Balancing career and family: Legislature to review Dill bill (Printed Nov. 9, 2007)
By Amanda Estes
Staff Writer
As a trial lawyer and a mother of two, State Rep. Cynthia Dill (D-Cape
Elizabeth) recognizes the challenges of balancing a career with family
responsibilities.
“It takes more to prove you’re a player if you have to stop a
deposition at 5 [p.m.] to pick up children,” she said. “It’s one of
those things if you’re a woman who has children and works, you deal
with it. I’ve definitely felt at times that I’m treated differently
because of family responsibilities.”
Dill submitted a bill to the Legislature that would prohibit employment
discrimination based on parental status, marital status or familial
responsibilities. Out of 566 bill requests voted on by the
Legislature’s legislative council, Dill’s was one of roughly 150
approved for the 2008 session, which opens in January.
“I don’t want this bill to be thought of as just good for employees and
bad for employers,” Dill said. “We have so many great employers in
Maine – who really want to do right by their employees.”
Maine’s anti-discrimination laws currently prohibit discrimination in
employment based on race, color, sex, sexual orientation, physical or
mental disability, religion, age, ancestry or national origin.
Maine Human Rights Commission Executive Director Patricia Ryan said the
commission is interested in hearing the discussions that will follow
Dill’s proposal. The commission investigates charges of unlawful
discrimination in employment, housing, education, access to public
accommodations, extension of credit and offensive names. Because
parental status, marital status and familial responsibilities are not
protected classes, the commission does not have the jurisdiction to
investigate complaints in those areas.
Ryan said new protected classes are often the result of individuals coming forward and speaking out against unfair treatment.
Attorney David Webbert of the Augusta law firm, Johnson & Webbert,
is currently representing a Sebago woman who brought a civil case
against Anthem Health Plans of Maine after she claims she was denied a
promotion because she is a mother of four children, including
6-year-old triplets and an 11-year-old.
Laurie Chadwick claims after nine years of strong performance, she was
denied a promotion to a supervisory position last year and told she
“had too much on her plate” including “her kids” and classes she was
taking toward her bachelor’s degree. Her female superiors said if they
were in her position, they would be “overwhelmed.”
Chadwick claims she was the victim of illegal sex discrimination
because a “determinative factor in the decision was the gender
stereotype that, because she is a woman, Ms. Chadwick would allow her
obligations to her children and husband to adversely affect her work
performance,” according to her complaint.
Anthem Spokesperson Mark Ishkanian said the company’s decision was based solely on the employees’ merits.

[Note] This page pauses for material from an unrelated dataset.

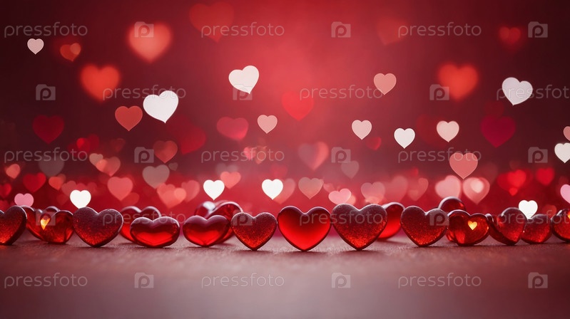 Романтичный узор из красных и белых сердец на размытом красном фоне, символизирующий любовь и страсть, идеально подходит для Дня святого Валентина

“We firmly believe she was not discriminated against,” he said. “In
fact, the person who received the promotion was also a woman with
dependent children.”
Webbert said the trial is scheduled to go to federal court early next year.
“It’s a very hot area for employment law in general and it
happens to men too,” he said. “If [men] want to stay home and take care
of the kids, they get a lot of resistance because people think it’s the
woman’s job.”
Denying a male employee leave to care for an infant when leave would be
granted to a female employee is one example of discrimination
referenced in the U.S. Equal Employment Opportunity Commission’s (EEOC)

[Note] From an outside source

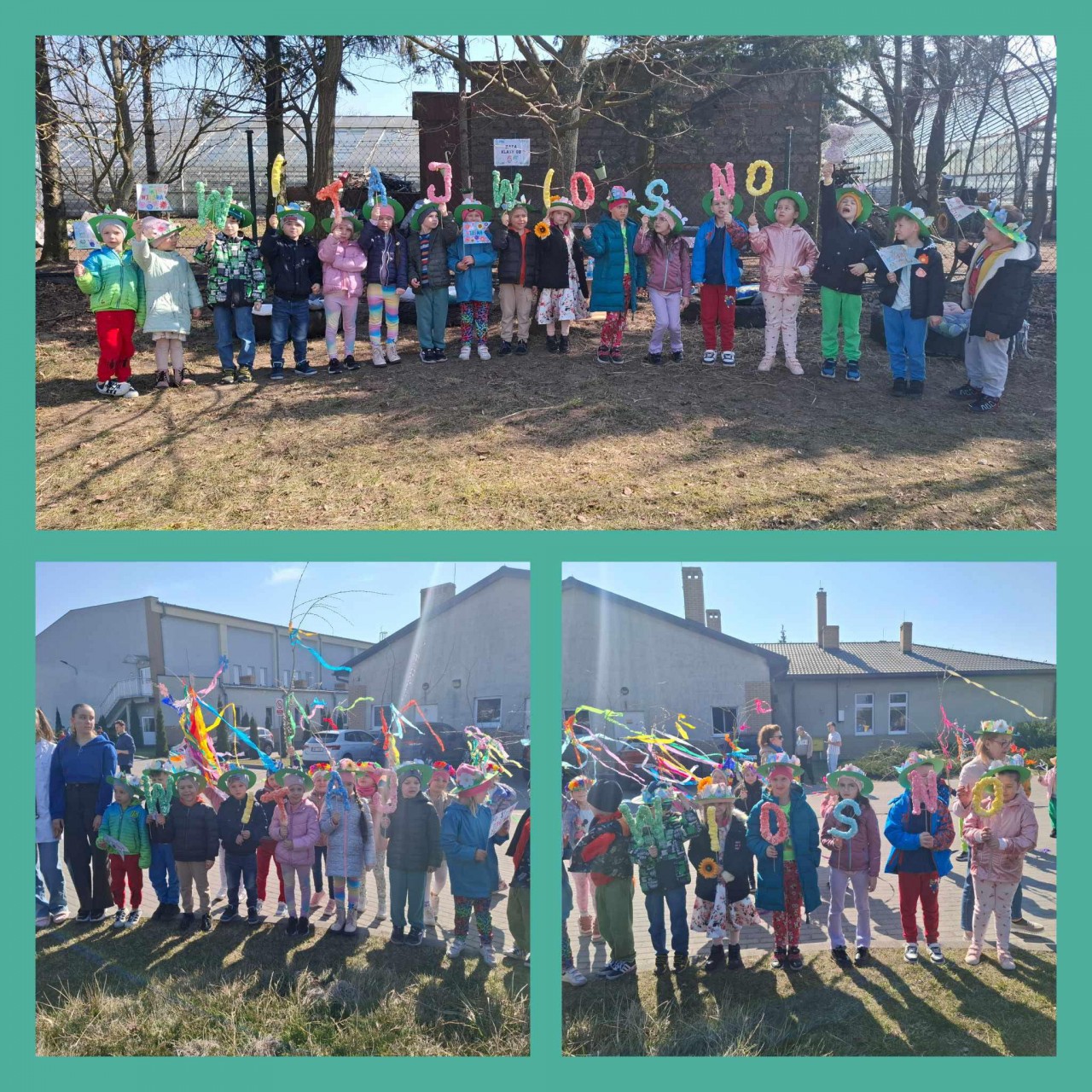 21 marca świętowaliśmy w naszej szkole Pierwszy Dzień Wiosny. Uczniowie klas 0-3 przybyli w tym dniu do szkoły w kolorowych strojach, przeróżnych nakryciach głowy, opaskach oraz w wiosennych nastrojach.

guidelines, released in May.
Although the EEOC federal statutes do not prohibit discrimination based
solely on parental or other caregiver status – discrimination must be
based on a protected class such as sex or race – the guidelines are
meant to outline whether discrimination against working parents or
people with caregiving responsibilities constitutes unlawful
stereotyping. In addition to state and local laws providing broader
protections, some people with parental or other caregiver status may
also be protected under other federal laws, such as the Family and
Medical Leave Act.
According to the guidelines, “lowering subjective evaluations of a
female employee’s work performance after she becomes the primary
caregiver of her grandchildren [and] reassigning a woman to less
desirable projects based on the assumption that, as a new mother, she
will be less committed to her job” might also constitute unlawful
discrimination.
In the 2006 fiscal year, the EEOC received 4,901 charges of
pregnancy-based discrimination. The EEOC resolved 4,629 of those
charges and recovered roughly $10.4 million for the plaintiffs.
Roughly half of U.S. states prohibit employment discrimination based on
marital status, according to a December 2006 survey of
anti-discrimination laws by the National Conference of State
Legislatures. Alaska, California and the District of Columbia all
provide protection against pregnancy, while Alaska and D.C. also
include parenthood and childbirth in their respective protected
classes. Pennsylvania prohibits discrimination based on familial status.
Dill said states with strong anti-discrimination laws tend to have stronger economies.
Webbert agrees with that correlation.
“I think it’s good for the economy for women not to feel like they
can’t have children and not do jobs as well, because that keeps a lot
of talented women out of the work force,” he said.